The spreadsheet includes a Median and Average row, but to get a more intuitive picture, I grouped the Good, Needs Improvement, and Poor scores for each metric and graphed them as a stacked bar chart.

Good Needs Improvement Poor
LCP 41 42 24
FID 89 9 6
CLS 77 18 12
FCP 43 48 16
INP 13 43 48
TTFB 38 55 14
Lighthouse 2 18 87

stacked bar chart of Good, Needs Improvement, and Poor scores for each Web Vital plus Lighthouse. Available in the overview sheet of the spreadsheet

FID and INP scores are the opposite of what I would have intuited. FID is mostly a load time score, and I expect sites with large Javascript bundles and long hydration tasks to have poor FID. INP is still an experimental metric but is meant to cover all interactions, not just the first. I would expect SPA-like client-side interactivity to do better with INP after hydration, but the opposite is true for Next, good FID, and poor INP.

LCP ideally is independent of any accompanying JavaScript framework, so long as LCP images are shipped in the initial HTML and/or preloaded. However, out of all the CWV scores, this was the one Next.js sites struggled with the most.

An interesting follow-up inquiry might be what percent of Next sites serve LCP image sources in the server-rendered HTML and what percent use the next/image package.
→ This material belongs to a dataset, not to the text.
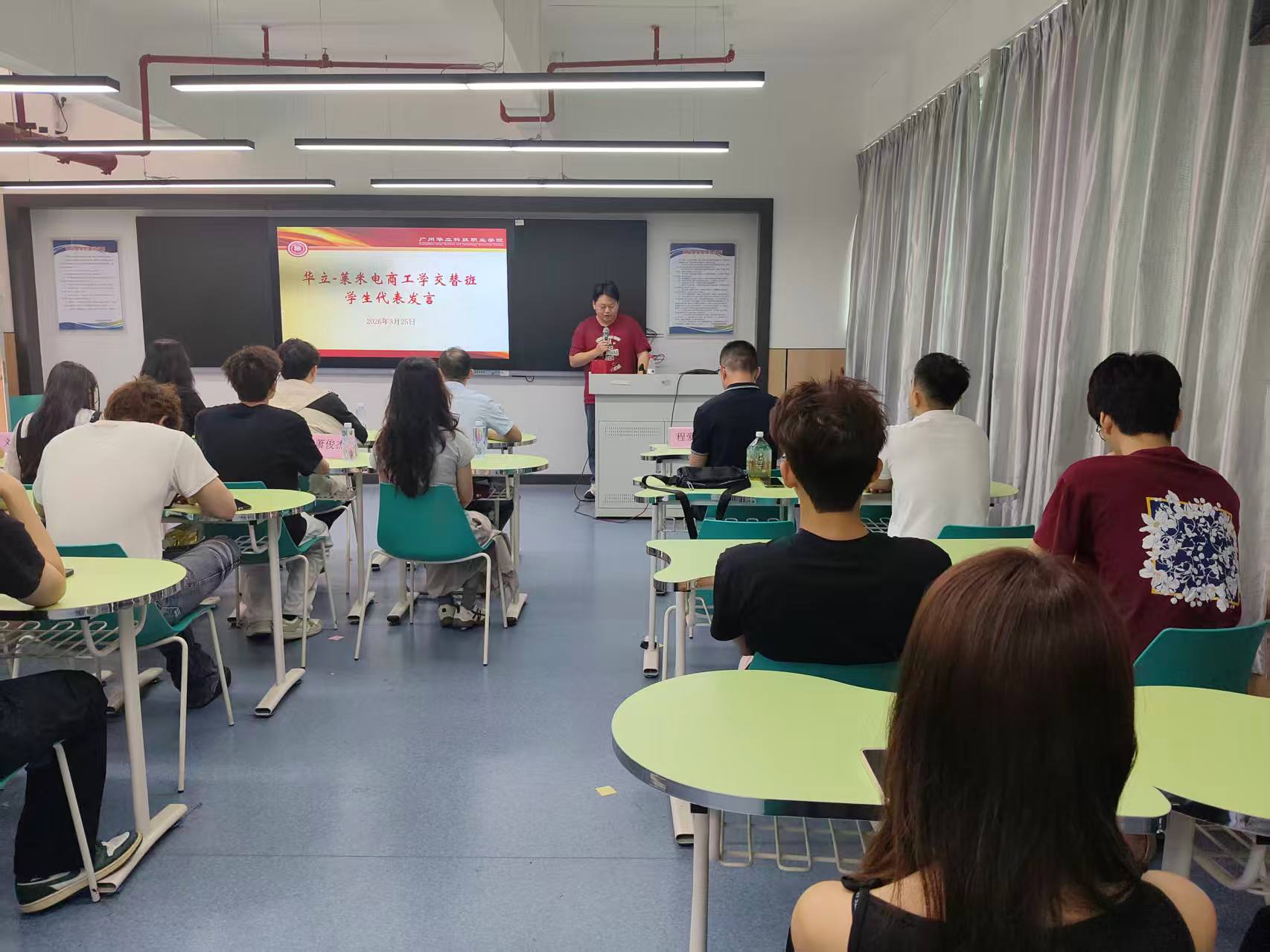 出席本次開班儀式的有廣州華立科技職業(yè)學(xué)院經(jīng)濟(jì)管理學(xué)院院長(zhǎng)劉惠玲、教學(xué)主任冷長(zhǎng)恒、電商系主任程愛洪,校內(nèi)指導(dǎo)老師劉淑琴、班主任付志偉;萊米公司總經(jīng)理王闖、公司指導(dǎo)老師蕭俊杰、溫麗娟,以及參與工學(xué)交替的22名學(xué)生。儀式由程愛洪主任主持。

In my case, where constraints prevent server rendering and preloading of LCP images, the performance bottleneck is the framework and app bundles. It is a bit unfair of me to say, “I need the framework to show my images,” and also, “The framework is preventing my images from loading quickly,” but finding ways to break up Next app bundle sizes has led to the most LCP gains in my work.
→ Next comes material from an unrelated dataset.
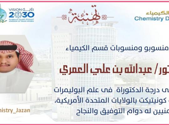 The employees of the Department of Chemistry congratulate Dr. Abdullah bin Ali Al-Omari for receiving his doctorate degree in polymer science from the University of Connecticut, United States of America, and wished him success.
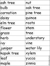 ![]() Plants Tiny Picture Dictionary A short, printable picture dictionary of the plant words -- for early readers. The student cuts out the pages, staples them together, then writes each word in the tiny book. The words are: flower, grass, leaf, roots, seed, sprout, tree, trunk, twig, vine, and think of another plant word. |

These sites have different requirements in terms of third-party scripts and interactivity and are likely hosted on a variety of platforms. Any given performance issue for any individual site can’t be attributed to Next, but the one thing these sites have in common is Next.js, and the overall picture is negative.

Http Archive

We can compare Next to other technologies using a report available from Http Archive.
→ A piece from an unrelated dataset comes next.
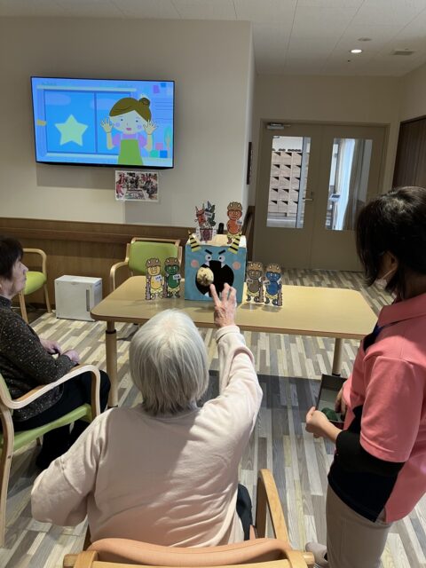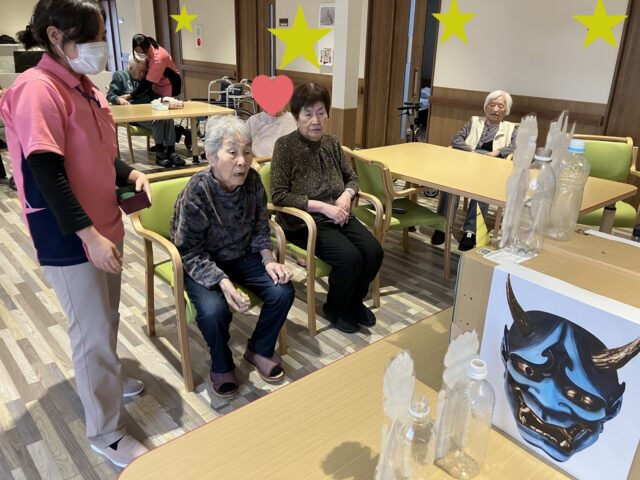 昼食後のレクレーションでは豆まき(的当て?)で体を動かします。

Line chart of percent of sites achieving good core web vital scores using all technologies in the Http Archive data set

According to this report only about 40% of sites are getting a good score for all three Core Web Vitals.

That’s not great for mobile users of the web, but if we add Next to this report, we get an even starker picture.

Line chart comparing Next Core Web Vital Scores against an average line of all other technologies from Http Archive.

Report link

Next performs worse on mobile than the average site. Only 25.9% of Next sites had good CWV scores in October. This percentage is close to the 24.5% of passing sites from the Showcase data.

Going Forward

Next 13 is introducing a new architecture with React Server Components meant to decrease the amount of JavaScript sent to the client. However, server components require logic to parse the transfer protocol, and my limited testing with unstable versions has yet to reveal substantial performance gains.

Additionally, the changes required to achieve these benefits would nearly constitute a rewrite of my current project. Overall, I am not bullish on Next.js for projects where performance is vital.